Yes--seems to me Pound gives more lipservice to Khayamm/Fitsgerald's work than
used it as a direct reference--it was an innovative translation or imitation
for the period--but the archaisms you mention could be found in many 19th
century sources--Swinburne was full of them, for just one example, as well as
being a feature of many attempts of translators to find that middle ground
between past and present. Pound followed Rossetti early, and as a good sense of
how R and P operated as translators, you might read Rossetti's intro to his
trans of Dantes La Vita Nuova.  Unless you have some strong specific sense in
which Fitzgerald's work (true, Khayamm was a Poundian polumetis intellectual,
as were some of the stronger and more obvious models for Pound, such as
Callimachus, and Fitz a moderate innovator) really influenced Pound, I don't
buy it.
 
 
Didn't anyone receive my Thursday post  about Omar Khayyam? FitzGerald's
>translation, a favorite of ep's early and late, seems a much more evident
>source
>for this orientalist imagery.
>
>wp
>
>Booth, Christopher wrote:
>
>> That Pound might not have had the Eastern background yet to significantly
>> weave in a Buddhist or Confucian conceit may be so, but the fact remains
>> that a "prayer wheel" is a term dating from 1814 (according to my Webster's
>> 10th here at work), and it is a term that would have been familiar to
>> missionaries, students of philosophy, theology, Asia, geography, readers of
>> National Geographic, travel literature, etc., etc. Pound had not yet hit on
>> his Asian vein, but lets give him credit for having a decent vocabulary and
>> the general knowledge that an educated young man with a curiosity about the
>> world would have had in his day.
>>
>> It is a not uncommon fallacy to assume that a writer's knowledge about a
>> subject was tabula rasa before a certain period in the writer's development.

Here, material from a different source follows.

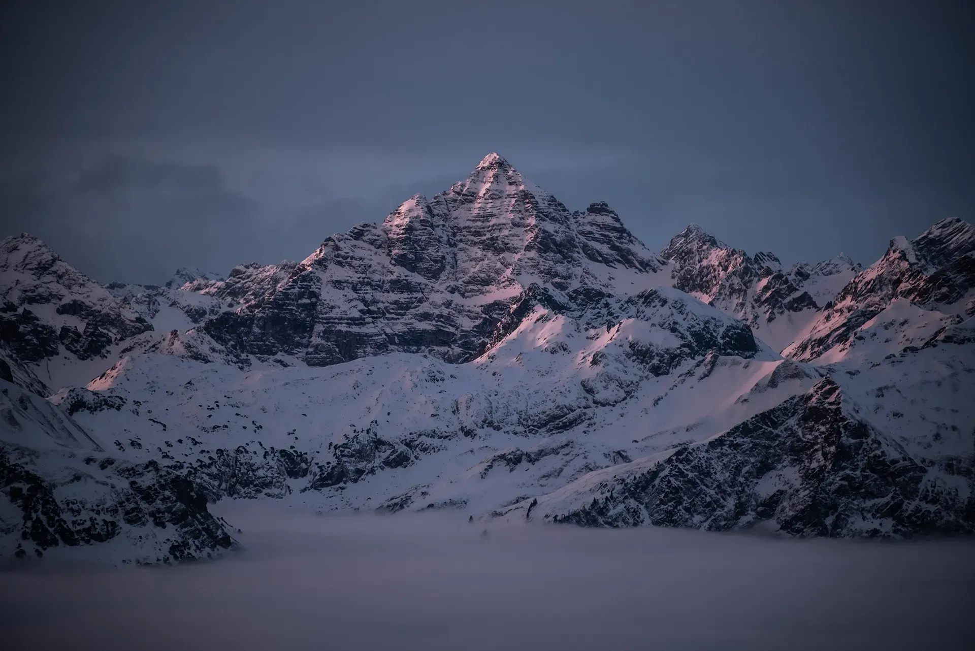 Die Alpen erstarren im Griff der Kälte. Wasser wird zu Eis, Tropfen zu glitzernden Skulpturen. Schluchten verwandeln sich in Kathedralen aus Frost, Gletscher breiten sich wie gefrorene Meere aus. Die Kälte formt Landschaften, die nur für Augenblicke bestehen, perfekt und vergänglich. Nebel steigt auf, Atem und Frost verschmelzen zu einer Welt zwischen Stille und Staunen. Hier zeigt sich die Kraft der Natur in ihrer stillsten, schönsten Form.

>> It seems absurd to me that Pound could not have used a common phrase that
>> would have been as in the realm of general knowledge in his day as it is
>> now, only because we would like to catagorize its use under "E.P.: Asian
>> Reference". It doesn't have to be a mature Eastern reference, but an
>> appropriate phrase for an image.
>>
>> I don't have a copy of the poem here, but if the line does indeed run as
>>
>>    Th' alternate prayer wheel of the night and light
>>
>> then it is a prayer wheel. A prayer wheel is a prayer wheel, and was so in
>> his day.
>>
>> What is the liklihood that Pound would have coined a phrase already in use?
>>
>> !!!!!!!!!!
>>
>> Although I am still quite comfortable with what I said above, a trip to the
>> OED fished up this treasure under _prayer wheel_:
>>
>>    2. A wheel set with bells and fastened to the ceiling of a chapel,
>>        formerly used for divination in connexion with masses or
>>        other devotional services.
>>
>>        1897 _Daily News_ 26 July 5/1   Even now in Brittany
>>        a kind of prayer wheels are kept in churches and set
>>        spinning by the devout.
>>
>> Hmmm. Perhaps Brittany is located somewhere between Lhasa and Kathmandu? [_A
>> Lume_ and _Cathay_?]  ;-)
>>
>> > ----------
>> > From:         Robert E. Kibler
>> > Reply To:     Robert E Kibler
>> > Sent:         Tuesday, May 19, 1998 6:30 PM
>> > To:   [log in to unmask]
>> > Subject:      Re: re grace before song lines 1-3
>> >
>> > >
>> > I would be surprised if the "prayer wheel" refers to anything
>> > Buddhist/Tibetan
>> > so early in pound's career.  there are other possibilities--I know D. H.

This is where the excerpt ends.